Show HN: Time travel debugging AI for more reliable vibe coding (nut.new)
AIs are really good at writing code but really bad at debugging -- it's amazing to use Claude to prompt an app into existence, and pretty frustrating when that app doesn't work right and Claude is all thumbs fixing the problem.
The basic reason for this is a lack of context. People can use devtools to understand what's going on in the app, but AIs struggle here. With a recording of the app its behavior becomes a giant database for querying using RAG. We've been giving Claude tools to explore and understand what happens in a Replay recording, from basic stuff like seeing console messages to more advanced analysis of React, control dependencies, and dataflow. For now this is behind a chat API (https://blog.replay.io/the-nut-api).
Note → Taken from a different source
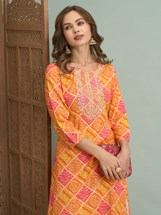 Ethnic Bandhani Printed & Embroidered Straight Fit...

We recently launched Nut (https://nut.new) as an open source project which uses this tech for building apps through prompting (vibe coding), similar to e.g. https://bolt.new and https://v0.dev. We want Nut to fix bugs effectively (cracking nuts, so to speak) and are working to make it a reliable tool for building complete production grade apps.
It's been pretty neat to see Nut fixing bugs that totally stump the AI otherwise. Each of the problems below has a short video but you can also load the associated project and try it yourself.
- Exception thrown from a catch block unmounts the entire app: https://nut.new/problem/57a0b3d7-42ed-4db0-bc7d-9dfec8e3b3a5
- A settings button doesn't work because its modal component isn't always created: https://nut.new/problem/bae8c208-31a1-4ec1-960f-3afa18514674
- An icon is really tiny due to sizing constraints imposed by other elements: https://nut.new/problem/9bb4e5f6-ea21-4b4c-b969-9e7ff4f00f5b
- Loading doesn't finish due to a problem initializing responsive UI state: https://nut.new/problem/486bc534-0c0e-4b2a-bb64-bfe985e623f4
- Infinite rendering loop caused by a missing useCallback: https://nut.new/problem/496f6944-419d-4f38-91b4-20d2aa698a5e
Nut is completely free. You get some free uses or can add an API key, and we're also offering unlimited free access for folks who can give us feedback we'll use to improve Nut. Email me at hi@replay.io if you're interested.
For now Nut is best suited for building frontends but we'll be rolling out more full stack features in the next few weeks. I'd love to know what you think!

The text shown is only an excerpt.